Kurz vor 9 Uhr treffen sich die Exkursionsteilnehmenden an einem kühlen Herbsttag am Nikolaitor, um die Vielfalt des Lainzer Tiergartens, der ein Teil des Wienerwaldes ist und vom Forst- und Landwirtschaftsbetrieb der Stadt Wien (MA 49) betreut wird, in den Blick zu nehmen. Schon bei der Begrüßung wird ausdrücklich betont, wie elementar funktionierende Ökosystemdienstleitungen in unseren Wäldern sind – nicht zuletzt für das Klima in unseren Städten und damit auch uns Menschen: Ohne die kühlende Funktion des Wienerwaldes wäre es in der Stadt an Sommertagen um bis zu 6°C wärmer.
Der Wienerwald per se ist mit rund 105.000 ha die grüne Lunge am Rande Wiens und ein beliebtes Naherholungsgebiet. 1941 wurde der Lainzer Tiergarten zum Naturschutzgebiet erklärt, in dem grundsätzlich jeder Eingriff verboten ist, außer er dient der Pflege und Erhaltung der Schutzgüter oder der naturverträglichen Nutzung als Erholungsgebiet. Seit 2005 ist er auch eine der besonders geschützten Pflegezonen im Biosphärenpark Wienerwald. Aufgrund seiner Bedeutung wurde er im Jahr 2007 per Verordnung der Wiener Landesregierung zum Europaschutzgebiet erklärt und ist damit Teil des EU-weiten Natura 2000-Netzwerks.

Naturwaldreservate – einfach mal machen lassen!

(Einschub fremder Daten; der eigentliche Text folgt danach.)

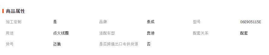 >產品供應> HVAC汽車>發(fā)動機系統(tǒng)>點火線圈>適用奧迪點火線圈 06E905115E 07K905715D 07K905715F 06E905115G 主營 一般項目:汽車零配件零售;汽車零配件批發(fā);汽車裝飾用品銷售
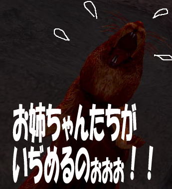 ![]() ちかご〜ろ〜 わたしぃ た〜ちは〜 い〜〜〜〜感じぃ♪(ほげぇぇぇ〜 こんばんわ、紅子です。 紅が頭巾を被ると こんな感じということが発覚。 ![]() 今日はお友達のナナちゃん、若ちゃんとオシャレ遊びということで♪ 左から、ナナ・若ちゃんです。w ちなみに、ナナ=お花だから 中身はコンピラポーンなのには変わりなしw 若ちゃんの実キャラ名は、あたしが名づけ親なのさ♪ 人当たりがよく、とっても優しい若ちゃんですw ![]() 僧の銃・おんもの剣。 それぞれ部隊アイテムだそうで、普段使うことなど滅多にない 超レア物。 ナナに、紅のお古の一匁弾を全部あげて、 せっかくだから何か狩ってみようよ〜ということに。 ちなみに、紅の被っている頭巾は 若ちゃんからの借り物です。 紅子も赤いハッピを着ていざ出発〜^^ノ 異色のオシャレトリオが向かった先は、 ![]() うん、地獄谷。 近いからねぇ。w ![]() おしゃれなあたしたちに キュンキュン言ってる火ネズミたちがお相手なわけでw ![]() きたわね、ナナ・・・・! ![]() 「バヒュン。」 か〜わ〜い〜〜い〜〜〜〜〜〜。 低音呪詛、アウチw ![]() 若ちゃんは、あくまで おんもーのおんもーたるおんもーらしく 術攻撃〜! ステキヨー! ![]() あたしは、いっちょ 極みいれてから ![]() ズガーンッ! みたかっ、手槍三連撃の威力! ウハハハハ〜!! ![]() ![]() ドカーンッ!ボガーンッ! とっても攻撃的なあたしたち。 ナナさん さっきより火薬の料が多くてよ。 オホホホホ(´▽`*) ![]() そんな火ネズミから、その名のごとく、 火を操った攻撃術が炸裂っ! ![]() ひゃぁぁぁぁぁぁぁぁ〜〜〜〜〜〜 で、燃える若ちゃん。 アチソー・・・・ でもね、若ちゃん、刀を持って ファイアーダンス踊ってるあなた、 とっても輝いてるわぁ^^ ![]() そんなこんなでお遊び狩り終了♪ 楽しかった、またねぇ^^ ![]() これから叢雲堂に行くナナとお別れさ。 いてら、頑張って方解5とってこいよぉ〜! そして、町に入って食料調達したあたし・・・・ ![]() ダンディー まいど♪ 価値42にあわせられるもの、なんかないかなぁ〜・・・・ あ、あった! 価値6!7個ずつになるけどこれで価値はピッタリだわ♪ ![]() しょっぱ!!( ̄* ̄ ) ちなみに、その後若ちゃんとTDへ行き、初幻影館を経験できた紅は 鼻歌まじりで甲府へ帰途すると。。。 パパ神主とへその二人でファッションショーが始まるところだった。 ![]() その愛くるしい微笑に、紅子はちょっと胸キュンキュン(オ 実はおしゃれおんもー へそ先生の指導のもと、 次々着替えていく、パパ神主。 ![]() ![]() ![]() ![]() ![]() キャーキャーヘ(≧▽≦ヘ) きゃーーん♪ いいわ、いいわ、 カラフルでいいわー!ww ![]() へそ先生もご満悦のご様子。 へそ先生、気を抜いちゃいかんですよ。w |

Mit seinem über 400 Jahre alten Eichenwald stellt das 1972 eingerichtete und teilweise eingezäunte Naturwaldreservat Johannser Kogel im Lainzer Tiergarten eine Besonderheit im Wiener Raum dar. Mit dem Ziel, die biologische Vielfalt als Grundvoraussetzung für das nachhaltige Bestehen des Waldes zu erhalten und zu verbessern, ist das 40 ha große Gebiet eines von 193 Reservaten in Österreich. Wie die Exkursionsteilnehmenden im Laufe des Vormittags erfahren, werden damit im Rahmen des Österreichischen Naturwaldreservate-Programms des Bundes unter Betreuung des Bundesforschungszentrums für Wald (BFW) ausgewählte Waldflächen der natürlichen Entwicklung überlassen. Ziel ist auch, jede in einem der 22 Wuchsgebiete Österreichs vorkommende Waldgesellschaft durch mindestens ein Reservat zu erfassen, um eine gewisse Repräsentativität der natürlichen Waldgesellschaften zu gewährleisten. Im Fokus stehen dabei immer Naturschutz, Biodiversität, Bildung und Forschung.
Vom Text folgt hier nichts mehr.